In this week’s installment of our recurring series, a sophomore travels to Washington to call his family in Togo, bicycles are banned on town streets, and more.

January 10, 1912—In response to an article by William Bayard Hale in The World’s Work that claimed to reveal the “inside story” of Princeton, the Princeton Alumni Weekly writes, “We are not informed whether Mr. Hale has ever visited Princeton, but we guess he must have been a passenger in the aeroplane that hovered over the Harvard-Princeton football game, and that he got his ‘inside story’ of our ancient university steeped in sumptuous luxury from a distant view of Nassau Hall and the Holder Tower.”

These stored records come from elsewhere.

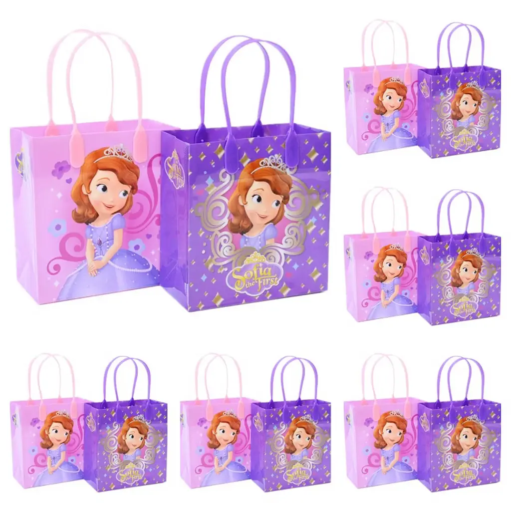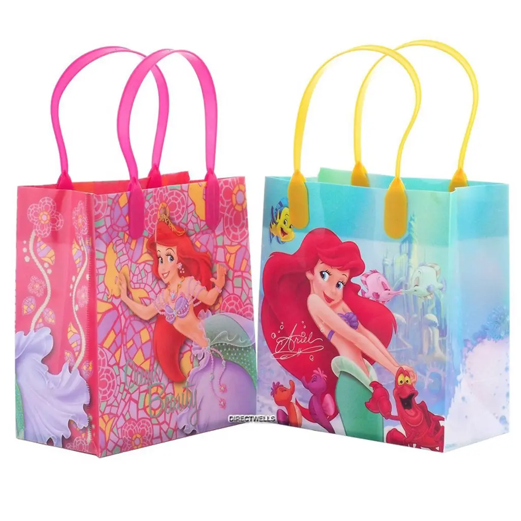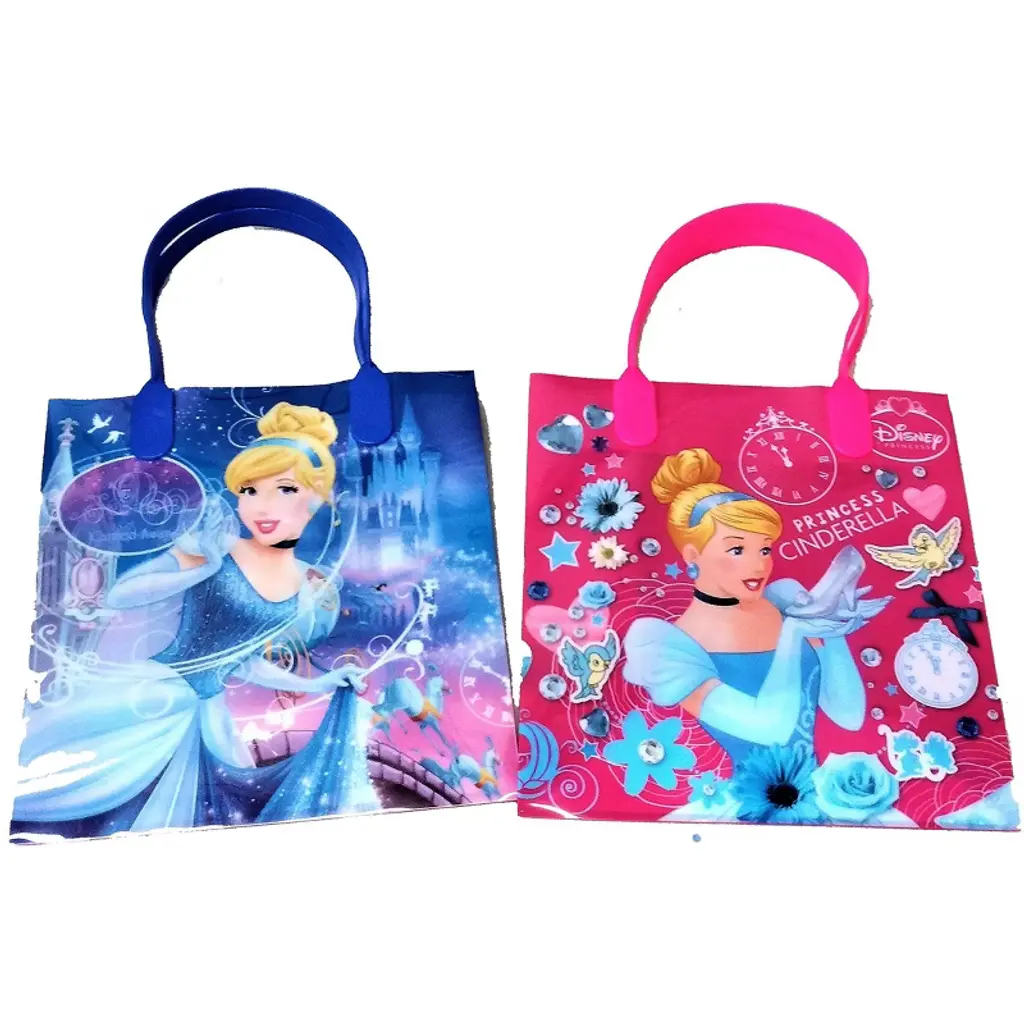 This is good quality official licensed Disney CINDERELLA plastic goody gift bags.There are 1-4 designs in 1 pack for 12 bags.It's reusable bags.The bags are sturdy. You are buying 12 bags of Disney CINDERELLA Goodie Bags The size approximately 6.5" x 6.25" x 3.0".
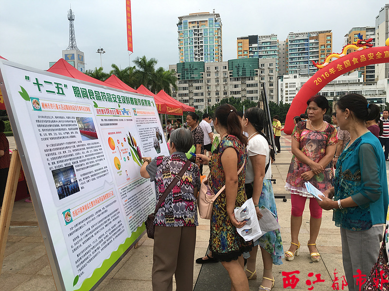 啟動儀式上,不少群眾聚集在展板前,了解食品安全知識。 (西江都市報記者 李玉瑩/攝)
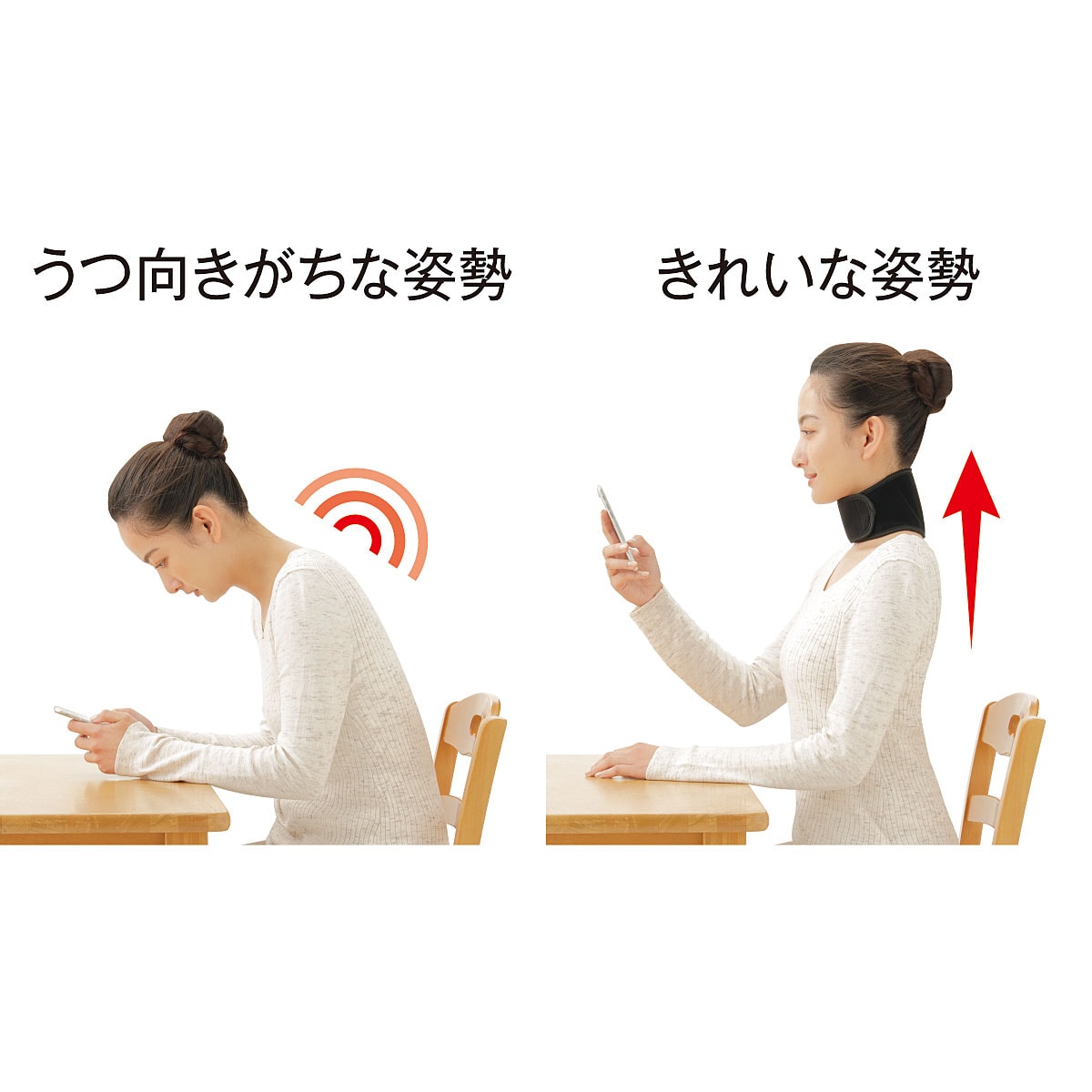 首を伸ばしてキレイな姿勢へ導くサポーター。磁気の作用で血行を改善します。首こりや冷えでお悩みの方に。

January 12, 2006—Chanakya Sethi ’07 appears on C-SPAN’s Washington Journal to explain why some people are troubled by Samuel Alito’s prior affiliation with the Concerned Alumni of Princeton.

Cover of the Concerned Alumni of Princeton’s Prospect magazine, Summer 1981. Princeton University Publications Collection (AC364), Box 16.

January 13, 1963—Having received word that his father, Sylvanus Épiphanio Olympio, has been assassinated in the Togolese coup d’état, Elpido Fernando Olympio ’65 leaves Princeton for Togo’s embassy in Washington, in order to contact his family. Upon discussing the situation with his mother, he chooses to remain in Princeton for his final exams.

Elpido Olympio ’65 portrait for the 1965 Nassau Herald (scan from original photograph). Undergraduate Alumni Records (AC199).

January 16, 1880—A newly-passed local ordinance prohibits the riding of bicycles in Princeton’s streets.

Bicycles on Prospect Street in Princeton, New Jersey, 1896. Drawing printed in James W. Alexander’s Princeton, Old and New: Reflections of Undergraduate Life (1899).